In response, hiring managers are now tapping into the independent workforce to fill open positions on a contract basis. Gene Zaino, President and CEO of MBO Partners, highlights how an increasing number of companies are hiring more independent workers over permanent employees as a way to stay flexible and agile in the swift modern economy. “If you are in a very high-change environment,” he says, “making full-time commitments is a bigger decision than just paying someone to get a project done.”

Independent workers may also have a positive effect on team dynamics. Jeff Christofis, VP & Practice Lead of KellyConnect at Kelly Services sees an increase in employee satisfaction and productivity thanks to their remote hiring practices. “Embracing the remote work environment has proven to be a highly effective approach to not only attracting talent,” he says, “but allowing companies to achieve higher levels of productivity, and gain efficiencies while providing employees with greater work life balance.”

It’s no secret that respected and valued employees are prepared to deliver their best work, and independent workers are no different.

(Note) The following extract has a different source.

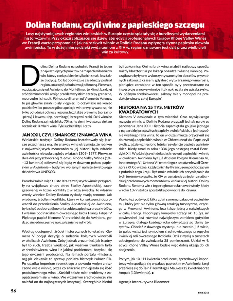 Dolina Rodanu, czyli wino z papieskiego szczepu Losy najsłynniejszych regionów winiarskich w Europie często splatały się z burzliwymi wydarzeniami historycznymi. Przy okazji zbliżającej się dziewiątej edycji profesjonalnych targów Rhône Valley Wines we Francji warto przypomnieć, jak na rozkwit winnic w Dolinie Rodanu wpłynęła słynna papieska niewola awiniońska. To w dużej mierze dzięki wydarzeniom z XIV w. region uznawany jest dziś przez wielbicieli win za kultowy. D olina Dolina Rodanu na południu Francji to jeden z najważniejszych punktów na mapach miłośników win, którzy cenią sobie nie tylko ich smak, lecz także tradycję. Od lat obowiązuje zasadniczy podział regionu na część południową i północną. Pierwsza, rozciągająca się od Awinionu do Montélimar, to klimat bardziej śródziemnomorski, a więc przede wszystkim szczepy grenache, mourvedre i cinsault. Północ, czyli teren od Vienne do Valence, to już głównie syrah i biały viognier. To oczywiście nie koniec podziałów, bo poszczególne apelacje win przypisywane są nie tylko południu i północy regionu, lecz także prawemu (np. saint-péray) i lewemu (np. hermitage) brzegowi rzeki. Dziś winnice Doliny Rodanu zajmują blisko 70 tys. ha ziemi i wytwarza się tam rocznie ok. 3 mln hl wina. Tyle suche fakty i liczby. JAN XXII, CZYLI SMAKOSZ I ZNAWCA WINA Winiarskie tradycje Doliny Rodanu kształtowały się jeszcze przed naszą erą, ale znawcy wina utrzymują, że jednym z najważniejszych momentów w jej historii była właśnie awiniońska niewola papieży w latach 1309–1377. Pierwsze dwa dni przyszłorocznej 9. edycji Rhône Valley Wines (10– –13 kwietnia) odbywać się będą w dawnym pałacu papieskim w Awinionie – budynku wpisanym na listę światowego dziedzictwa UNESCO. Paradoksalnie więc tłuste lata tamtejszych winnic przypadły na wyjątkowo chudy okres Stolicy Apostolskiej, zaangażowanej w liczne konflikty z władzą świecką. To właśnie wtedy winnice Doliny Rodanu zyskały swoją renomę. Jak wiadomo, źródłem konfliktu, który w konsekwencji doprowadził do przeniesienia Stolicy Apostolskiej do Awinionu, była chęć podporządkowania sobie papiestwa przez królów. I właśnie pod naciskiem ówczesnego króla Francji Filipa IV Pięknego papież Klemens V przeniósł się do Awinionu, godząc się jednocześnie na uzależnienie od króla. Według dostępnych źródeł historycznych to właśnie Klemens V podjął decyzję o sadzeniu kolejnych winorośli w okolicach Awinionu. Żeby jednak zrozumieć, jak istotny był to ruch, trzeba wiedzieć, jak ważnym trunkiem było w średniowieczu wino i z jakimi problemami borykali się jego ówcześni producenci. Na łamach portalu <historia. org.pl> ciekawie te sprawy porusza historyk Łukasz Fik. Po upadku imperium rzymskiego z powodu wojen zniszczono wiele winnic, przez co znacznie zmniejszyła się ilość produkowanego wina. „Kościół także miał problemy z zaopatrzeniem się w wino. We wczesnym średniowieczu nie należał on do najbogatszych instytucji. Szczególnie biedni 56 byli zakonnicy. Oni na brak wina znaleźli najlepszy sposób. Każdy klasztor tuż po lokacji obsadzał własną winnicę. Początkowo były one wykorzystywane tylko do celów prywatnych zakonu. Z czasem, gdy ilość wytwarzanego wina rosła, pieniądze zarobione w ten sposób były przeznaczane na inwestycje w nowe winnice i tak nakręcała się spirala zysku. W późnym średniowieczu zakony miały monopol na produkcję wina w całej Europie”. HISTORIA NA 15 TYS. METRÓW KWADRATOWYCH Klemens V doskonale o tym wiedział. Czas największego rozwoju winnic w Dolinie Rodanu przypadł jednak na okres panowania Jana XXII. Historia zapamiętała go jako jednego z najbardziej pracowitych papieży awiniońskich, a jednocześnie wielkiego fana wina. To on w dużej mierze przyczynił się do rozwoju papieskich winnic w Châteauneuf-du-Pape, czyli okolicy, gdzie wzniesiono letnią rezydencję papieży awiniońskich. Kiedy zmarł w roku 1334, jego następcą został Benedykt XII. W późniejszych dekadach rozwój papieskich winnic w okolicach Awinionu był już dziełem kolejno Klemensa VI, Innocentego VI, Urbana V i ostatniego z czasów niewoli Grzegorza XI. Co ważne, każdy z nich był Francuzem pochodzącym z południa tego kraju. Być może właśnie ich przywiązanie do tych terenów sprawiło, że XIV w. uznaje się za jeden z najbardziej przełomowych momentów w winiarskiej historii Doliny Rodanu. Renoma win z tego regionu rosła nawet wtedy, kiedy w roku 1377 stolica apostolska powróciła do Rzymu. Warto też poświęcić kilka zdań samemu pałacowi papieskiemu, który jest nie tylko główną atrakcją turystyczną leżącego w Prowansji Awinionu, lecz także jedną z największych w całej Francji. Imponujący kompleks liczący ok. 15 tys. m2 powierzchni jest również największym zamkiem gotyckim w Europie, dlatego każdego roku odwiedzają go tłumy turystów. Chociaż z dawnego wystroju nie zostało już wiele, to pałac wciąż jest symbolem średniowiecznego przepychu i wielkiej roli ówczesnego Kościoła. Dziś z myślą o turystach udostępniono do zwiedzania 25 pomieszczeń. Udział w 9. edycji Rhône Valley Wines będzie więc dobrą okazją do ich obejrzenia. Po tym, jak 10 i 11 kwietnia producenci, sprzedawcy i importerzy win spotkają się w pałacu papieskim w Awinionie, targi przeniosą się do Tain l’Hermitage i Mauves (12 kwietnia) oraz Ampuis (13 kwietnia). ■ Agencja Interaktywna Bloomnet zima 2016

More companies are realizing the need to become the “clients of choice” for freelancers, and that includes treating them as a more than replaceable and inexpensive labor tools. Including independent workers in the company culture or offering services that promote their growth and success—such as job boards with new opportunities, training programs to expand their skills, and networking events with employees—can be foundational in building strong relationships with freelance workers.

The independent professionals of the future workforce are poised to be some of the best educated and highest paid contract workers in the modern economy, and companies will soon need to adapt their hiring practices and team structures to accommodate them. This shift in the American workforce hails a profound change in the American dream: Rather than climbing the corporate ladder, the next wave of professionals want to be their own bosses.